Jim Rogers may be what the media calls a “legendary investor”, but that does not mean he always knows what he is talking about such as when he argued yesterday on CNBC that the U.K. may need a bailout.
While the U.K. economy is faltering, it is a huge stretch to say that the country belongs in the same league as Ireland, Portugal or Greece. For one thing, as of December 2010 the country’s general government debt was £1105.8 billion, equal to 76.1 percent of GDP, according to the Office of National Statistics. The comparable figure in Ireland was 94.2 percent, the figure in Portugal tops 83% and is 144 percent in Greece. For the sake of comparison, the U.S. debt-to-GDP ratio is 58.9%, in line with the worldwide average of 59.3%, according to The World Factbook published by the CIA.
Economists, on average, are expecting the U.K.’s GDP to grow at 1.7% this year, which though hardly spectacular it is only slightly under the European Union’s forecast of a 1.8% gain in real GDP n the EU and 1.6% in the euro area in 2011. Ireland’s growth rate for this year is expected to be 1%. Portugal’s economy is expected to contact as is Greece’s. The Federal Reserve expects the U.S. economy to grow between 3.1 percent to 3.1 percent.
Now that the country has basked in the glow of the wedding of Prince William and Kate Middleton, residents of the U.K., it can return to complaining about the economy. Indeed, voters vented their fury at the Liberal Democrats over the government’s austerity plans by handing the party humiliating defeat after humiliating defeat in recent local elections.
Though U.K. analysts argue that the existing austerity measures were sufficient, Rogers shouldn’t be dismissed too easily. After all, he started trading the stock market with $600 in 1968. Four years later he formed the Quantum Fund with billionaire George Soros before retiring a multi millionaire at the age of 37. By the way, Soros knows the U.K. well too having made a fortune shorting the pound in the 1990s. Rogers is correct that the U.K. economy needs to make some major economic changes, a feeling shared by officials there including Chancellor of the Exchequer George Osborne, who reiterated this point during a speech last month.
Over the past decade Britain fell behind, our economy became too unbalanced, while other countries made themselves more competitive.
Too much debt, not enough savings. In many regions, too big a public sector and too small a private sector. Too many imports compared to too few exports.
The household savings ratio plummeted.
Manufacturing halved as a share of our economy.

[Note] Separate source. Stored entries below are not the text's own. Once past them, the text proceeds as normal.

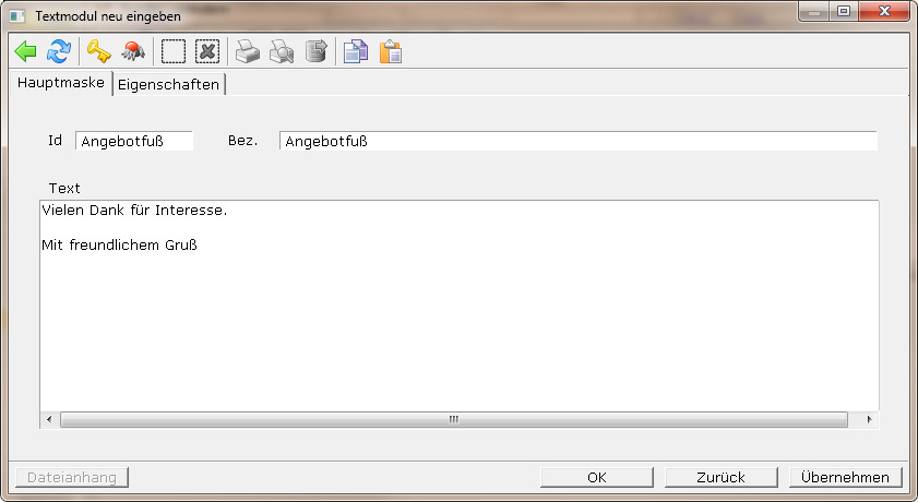 Schließen Sie mit der Taste Esc den Editor und speichern Sie den Textbaustein mit Eingabe ab.
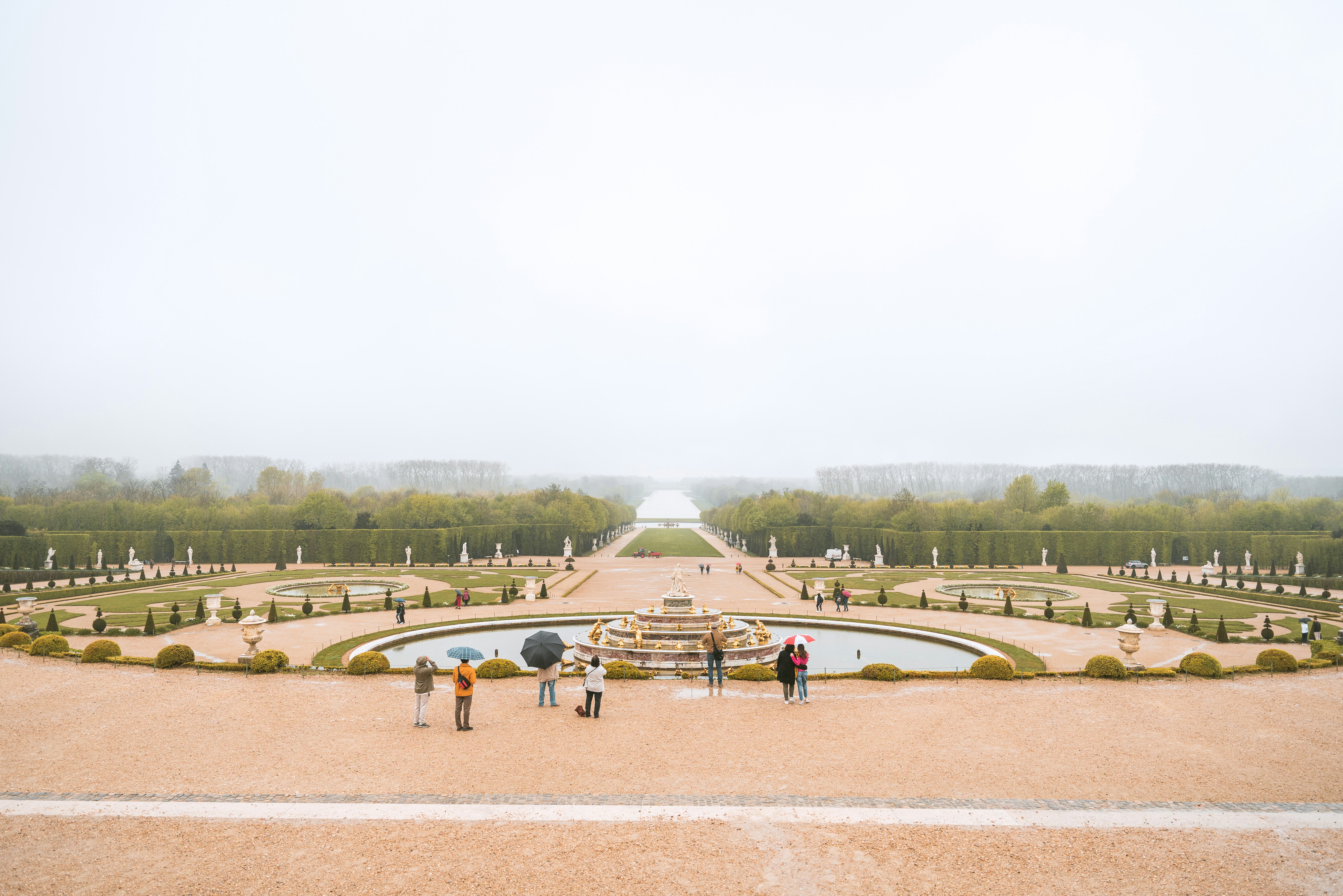 Latona's Pool and Parterre & Latona Stairs é uma parte deslumbrante da Cena da Grande Fonte de Versalhes, uma atração turística na França. O lago tem a forma de uma estrela, cercado por árvores baixas e ladeado por canteiros de flores. É ladeado por uma série de parterres, terraços e degraus brancos. Diz-se que é inspirado na história de Latona, uma filha dos Titãs, que se recusou a deixar seu destino ser decidido por aqueles que eram considerados indignos. Esta área de Versalhes é mais bonita durante os meses de verão, quando as sebes estão em plena floração e flores de cores vivas preenchem a paisagem. Caminhar pelos terrenos desta grandeza levará você de volta no tempo ao reino do Rei Luís XIV com toda a sua opulência e história.
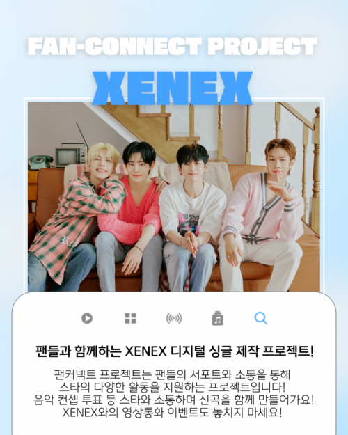 XENEX는 태하, 희석, 인곤, 민종으로 구성된 4인조 보이그룹이다. 현재 일본 현지를 중심으로 공연과 활동을 이어가며 안정적인 팬층을 확보해왔다. 이번 팬커넥트 프로젝트를 통해 XENEX는 팬들과 함께 신곡 제작 전반을 공유하며, 음악적 방향성과 콘셉트를 함께 완성해 나갈 예정이다.
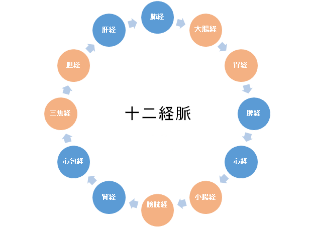 ブルーが陰経で臓に属し、オレンジが陽経で腑に属します。
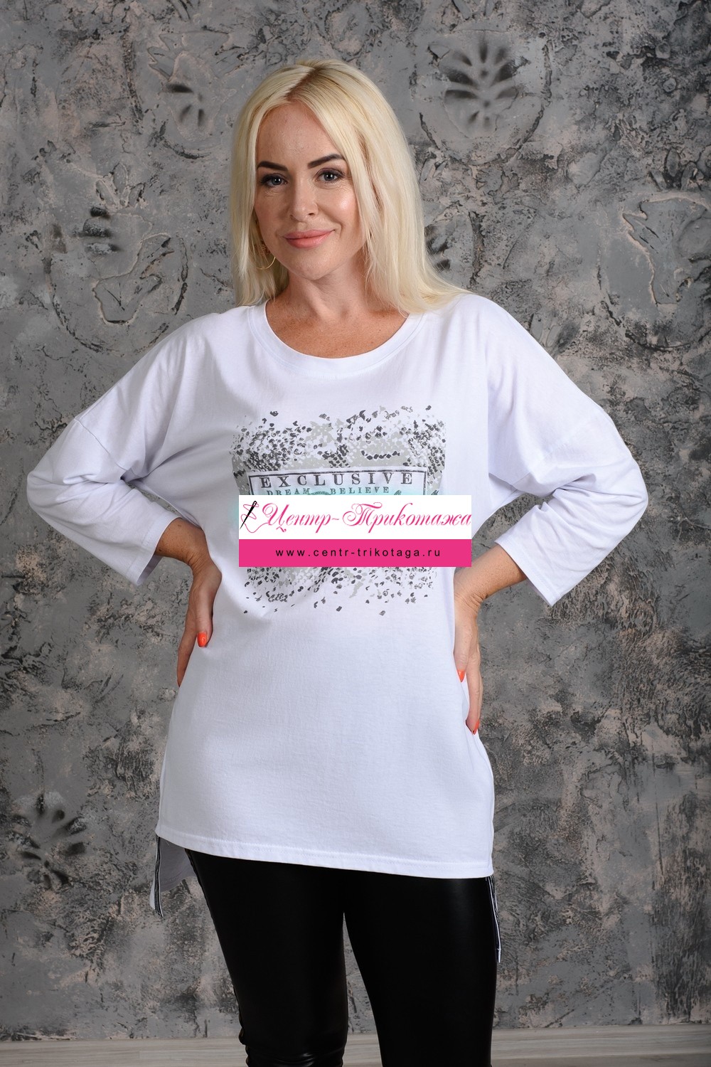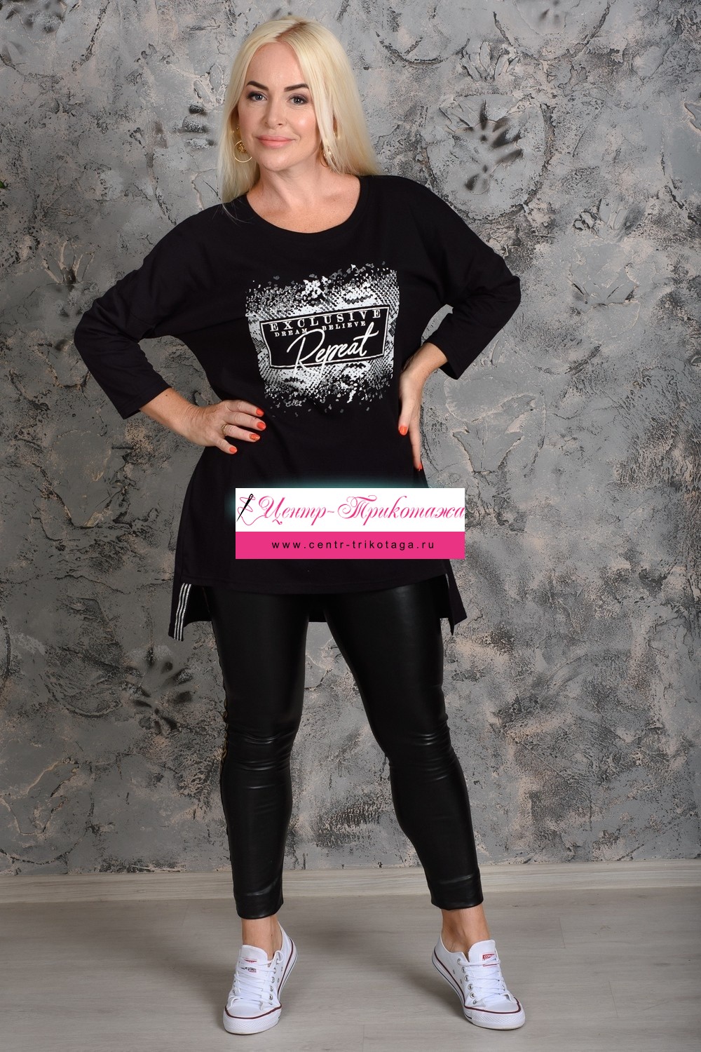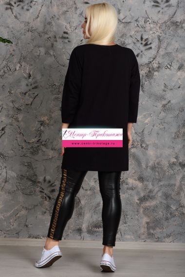 Туника женская. На полочке принт. По низу изделия отделка – тесьма.

Between 2000 and 2009 Britain’s share of world exports fell by a third, while Germany’s share actually rose.
We need to step up a gear.
While the housing sector looks weak as does other economic data, it is far too early for the U.K. to think a double-dip recession is inevitable, particularly if oil prices stabilize. The government, though, can’t afford to cave into political pressure and to turn on the spigots of spending.
Besides, wiseman on Wall Street are often wrong. Consider this gem from 2008 about the bailout of the financial sector: “History shows these plans don’t work. What does work is to let the market clean itself.” Those comments came from — you guessed it — Jim Rogers. Though his views were not unique, they were short-sighted. Most economists agree that the bailouts were needed and largely successful.